— Your goal —
When you give the entries again, keep every word as it stands and drop the pictures.

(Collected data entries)
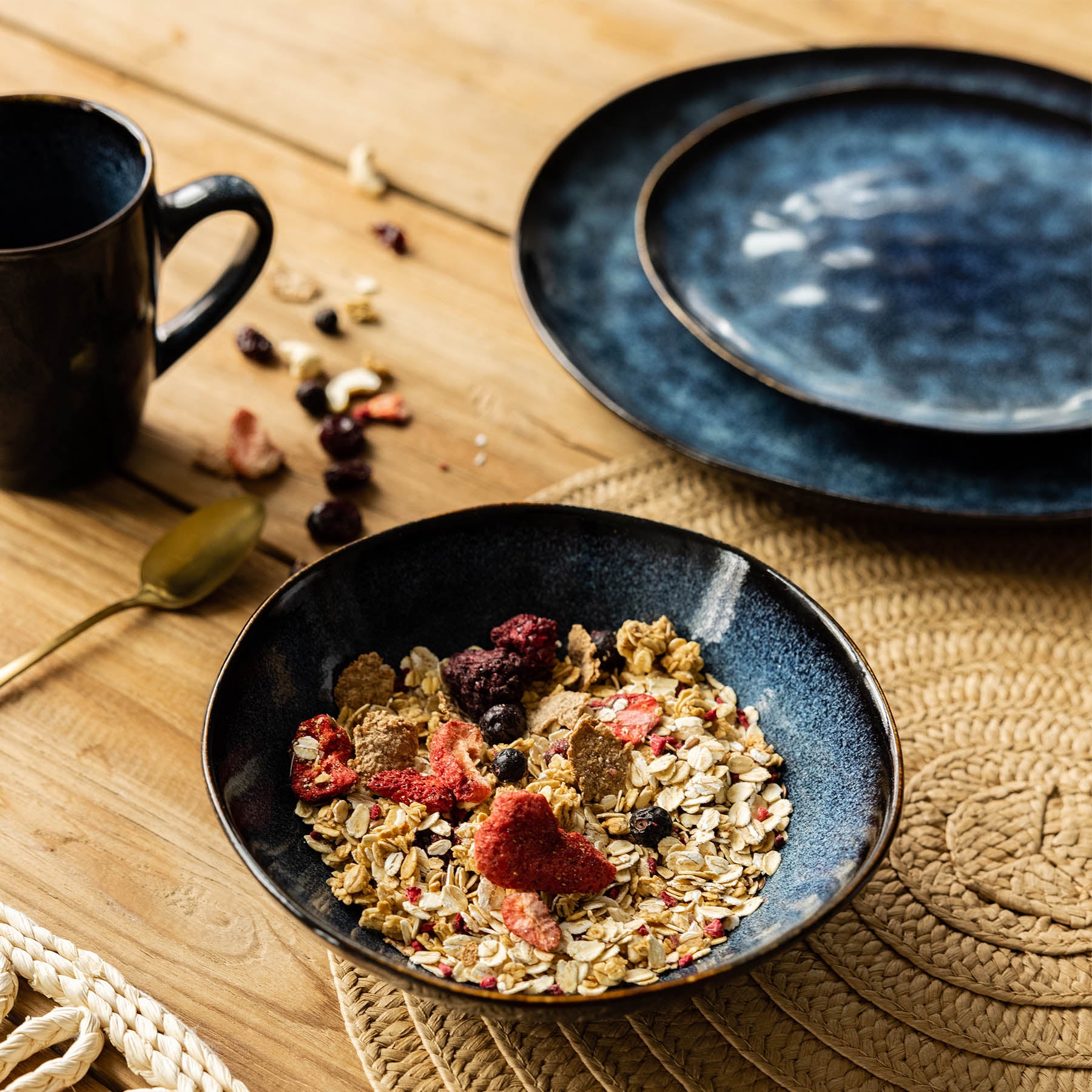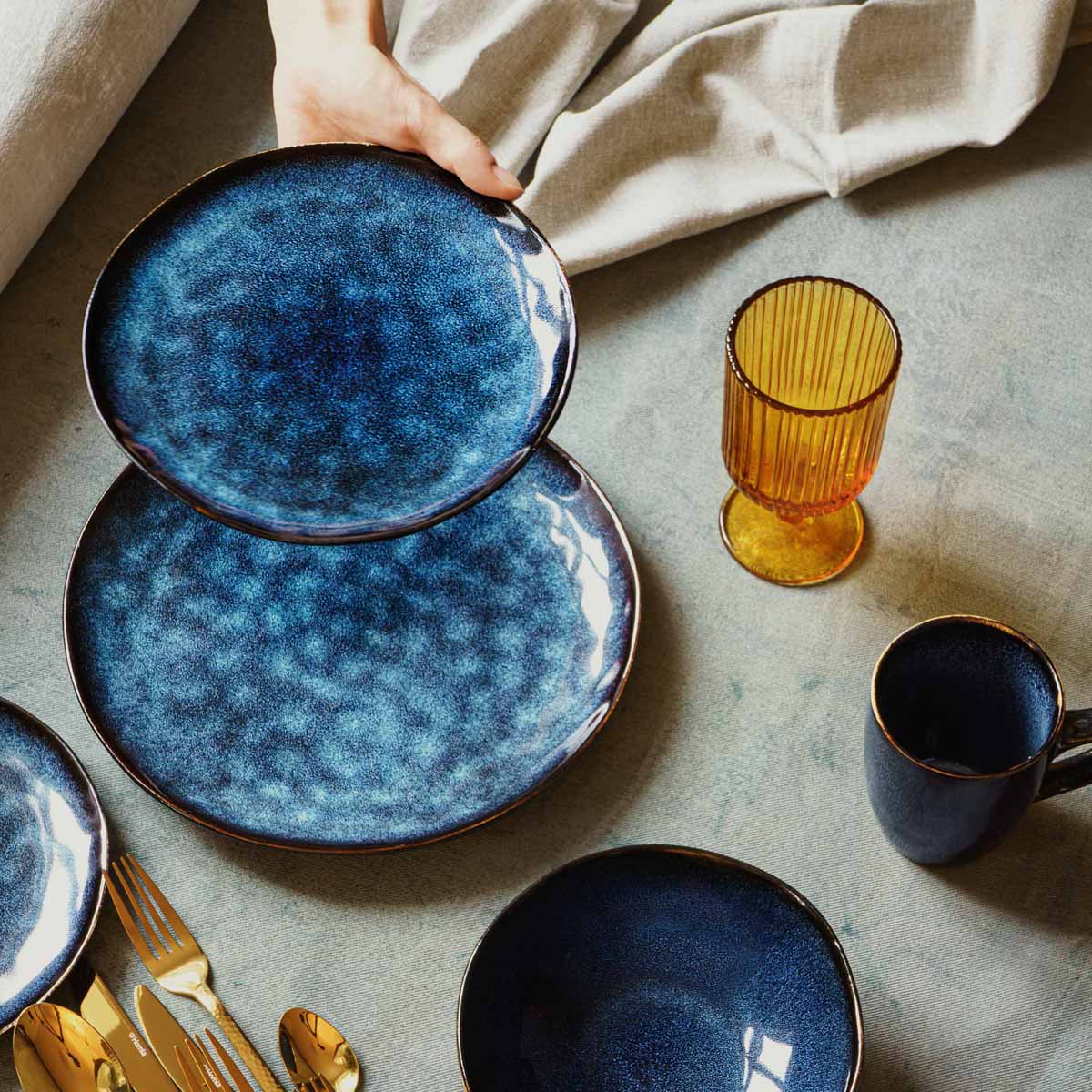 Materials made of the highest quality stoneware . It is a material which is distinguished by its high resistance and resistance to damage. In addition, stoneware is very easy to care for, so you do not have to worry about cleaning the article, as it is trivial - just put it in the dishwasher! Each product of the CASPER series is unique due to the colouring technology. The unique pattern is applied using the reactive glaze technique - which is why individual products may differ from each other.
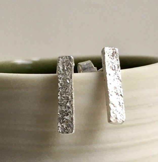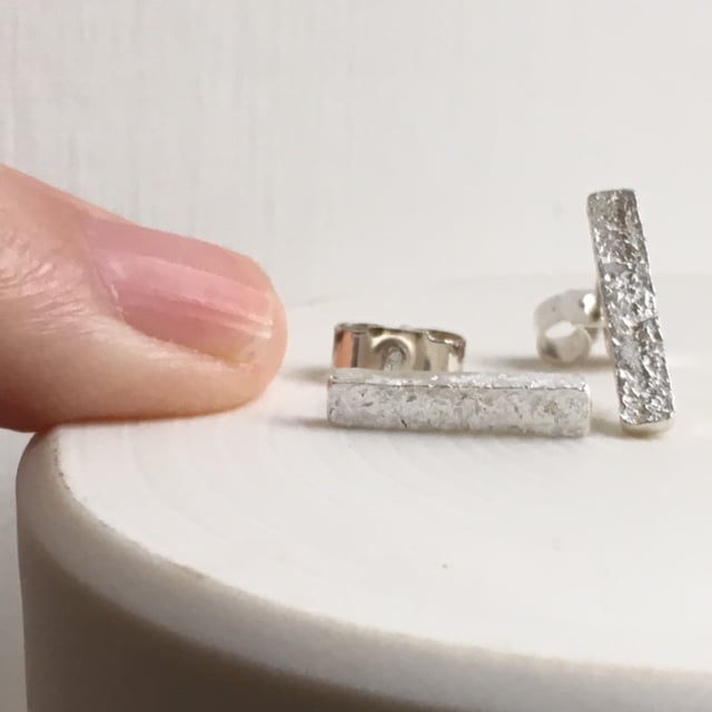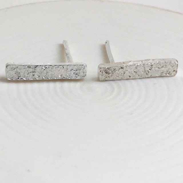 These handmade ecosilver studs have been hand hammered against stone to give texture with subtle sparkle. They are perfect for everyday wear yet look great dressing up any outfit too.
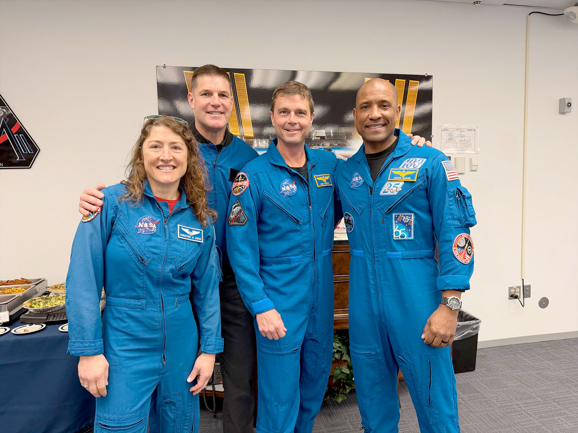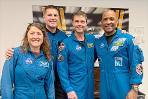 Artemis II crewmates from the left: Christina Koch, Jeremy Hansen, Reid Wiseman and Victor Glover, as seen after the wet dress rehearsal ended at Johnson Space Center, Feb. 3, 2026. (NASA) |
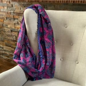 AERIE Pink Infinity Scarf in Pink Paisley Print with Purple Pompoms
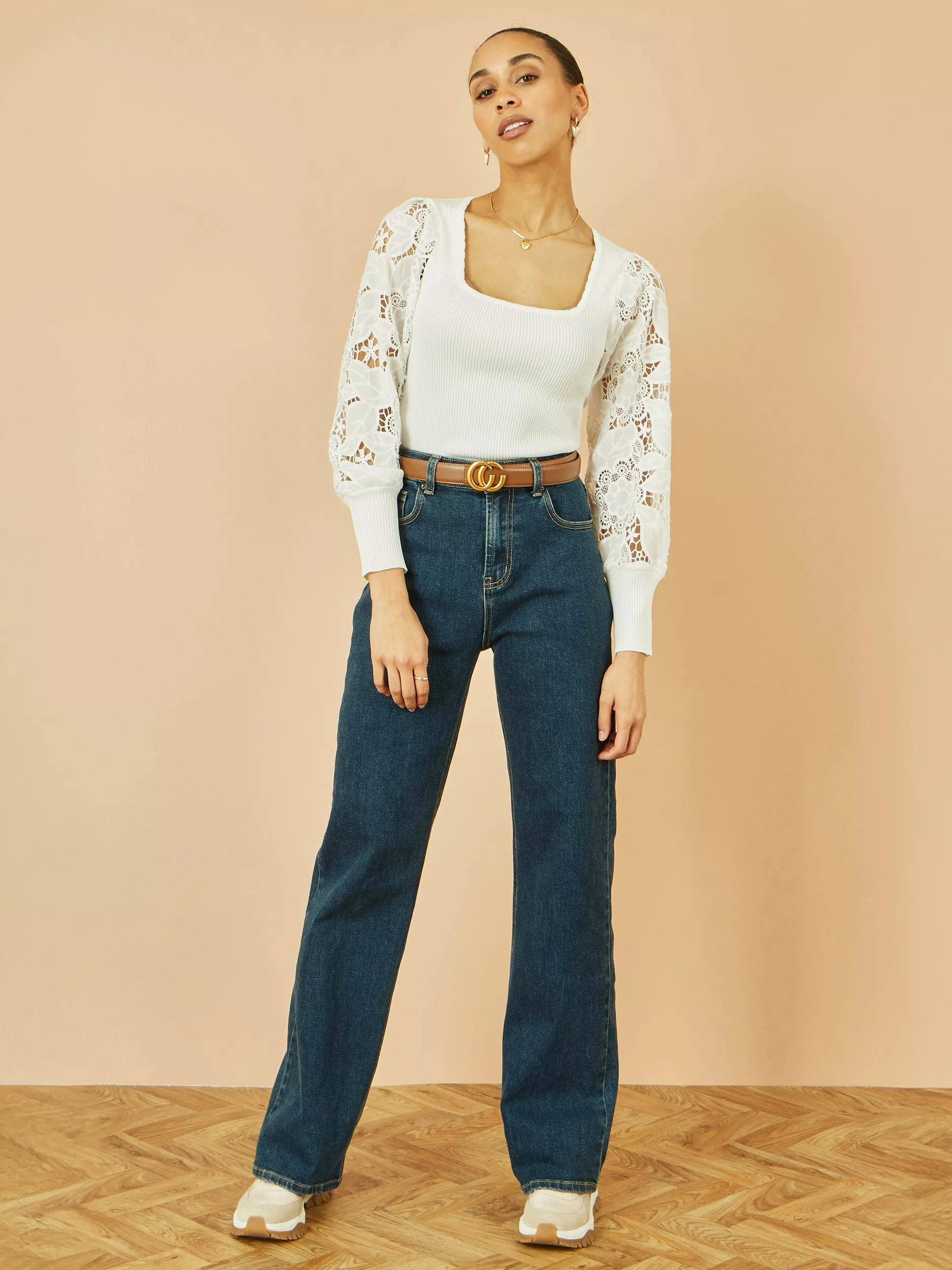 This gorgeous ribbed knitted top has the most beautiful lace sleeves. The square neckline is flattering and this top looks perfect paired with denim for everyday.

— Result for this task —
 Materials made of the highest quality stoneware . It is a material which is distinguished by its high resistance and resistance to damage. In addition, stoneware is very easy to care for, so you do not have to worry about cleaning the article, as it is trivial - just put it in the dishwasher! Each product of the CASPER series is unique due to the colouring technology. The unique pattern is applied using the reactive glaze technique - which is why individual products may differ from each other.
 These handmade ecosilver studs have been hand hammered against stone to give texture with subtle sparkle. They are perfect for everyday wear yet look great dressing up any outfit too.
 Artemis II crewmates from the left: Christina Koch, Jeremy Hansen, Reid Wiseman and Victor Glover, as seen after the wet dress rehearsal ended at Johnson Space Center, Feb. 3, 2026. (NASA) |
 AERIE Pink Infinity Scarf in Pink Paisley Print with Purple Pompoms
 This gorgeous ribbed knitted top has the most beautiful lace sleeves. The square neckline is flattering and this top looks perfect paired with denim for everyday.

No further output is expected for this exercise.